The outcome for the human-worm analysis was quite different. Based on a 50% orthology support cutoff, HOPS assigns 74 % of the orthologs correctly. RIO, on the other hand, found 26% of the orthologs in the test set. In 26% of the cases, RIO gave a score of 0 to a sequence pair that was orthologous by HOPS.

An analysis of the corresponding sequence trees shows why orthology inference with a complete species tree as done by RIO fails to find most of the orthologs (Fig. 5B). In these cases, the trees do not follow the “Ecdysozoa” phylogeny in the species tree used by RIO, which places C. elegans in a clade with arthropods. The fly sequences in these trees are in the same clade as the H. sapiens sequences, and the nematode sequences are basal to both—representing the “Coelomata” hypothesis (Fig. 3).

In this combination of gene and species tree, the tree reconciliation algorithm will assign the human and the worm sequence to be paralogous. In HOPS, the fly sequences are not included for the human-worm analysis; therefore, the orthologous sequence is correctly assigned.
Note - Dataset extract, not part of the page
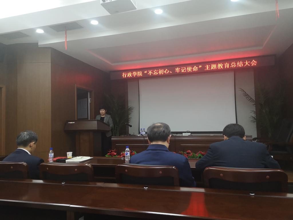 “不忘初心、牢记使命”主题教育总结大会,在东荣大厦B303会议室召开。学校主题教育第五指导组组长刘雪峰出席会议。学院全体教职员工、学生代表参加了会议。会议由院长张贤明主持。

Results for the H. sapiens-S. cerevisiae Test Set

In the human-yeast analysis, HOPS assigned 78% of the orthologs correctly, RIO 31%. The reasons for this difference are summarized in Figure 5C. In 68% of these cases, the sequence trees did not reflect the species tree used by RIO, which places plants as an outgroup to a fungi/metazoa clade. For the human-yeast analysis, horizontal transfer of genes into intracellular parasites prevents tree reconciliation with a complete species tree from finding the correct ortholog. In 14% of the missed orthologous relations, bacterial or Plasmodium sp. sequences were on a branch with either yeast or human, thus breaking the orthology assignment.

False Negatives in HOPS

Figure 6 summarizes the cases in which HOPS failed to find the correct ortholog from the test set (all of these orthologous relations were also not found by RIO). In nearly one-fifth of the cases, this was caused by rooting problems. This can happen in small domain families with varying rates of evolution among the lineages. Then the mid-tree rooting method used might place the root in the wrong branch.

Figure 6.

Figure 6

Analysis of the 30 orthologous relations in the test set HOPS fails to find. The labels describe the reason for the misassignment. Of the 13 cases in which the HOPS clustering scheme is not reflected, eight go back to a single-domain family, the SM domain. Here the S. cerevisiae orthologs evolved much faster than the corresponding S. pombe ortholog. This leads to a tree in which only the S. pombe sequence is assigned as orthologous, but not the S. cerevisiae sequence. Other reasons are wrong rooting (five cases) of the tree and general low bootstrap support for the whole sequence family.

Nearly all (12 out of 13) of the cases in which the HOPS clustering scheme is not reflected by the gene tree come from a misplaced Schizosaccharomyces pombe sequence. More than 60% (eight out of 13) of these cases are observed in a single domain family (the SM domain). For instance, in the phylogenetic tree for the SM family, the S. cerevisiae LSM6_YEAST sequence appears as an outgroup to an S. pombe + metazoan clade. Therefore, both methods assign orthology between the S. pombe and the human LSM6 but not between S. cerevisiae and human. Trees reconstructed with MrBayes (data not shown) give the same results. This indicates that this behavior does not originate from an error specific to the tree reconstruction method used in HOPS. For the SM family, the S. cerevisiae sequences show an elevated rate of evolution. In combination with the relative shortness of the alignment (111 residues), this might explain why none of the tree methods reconstructs the correct tree: a monophyletic S. pombe and S. cerevisiae branch basal to the metazoan clade.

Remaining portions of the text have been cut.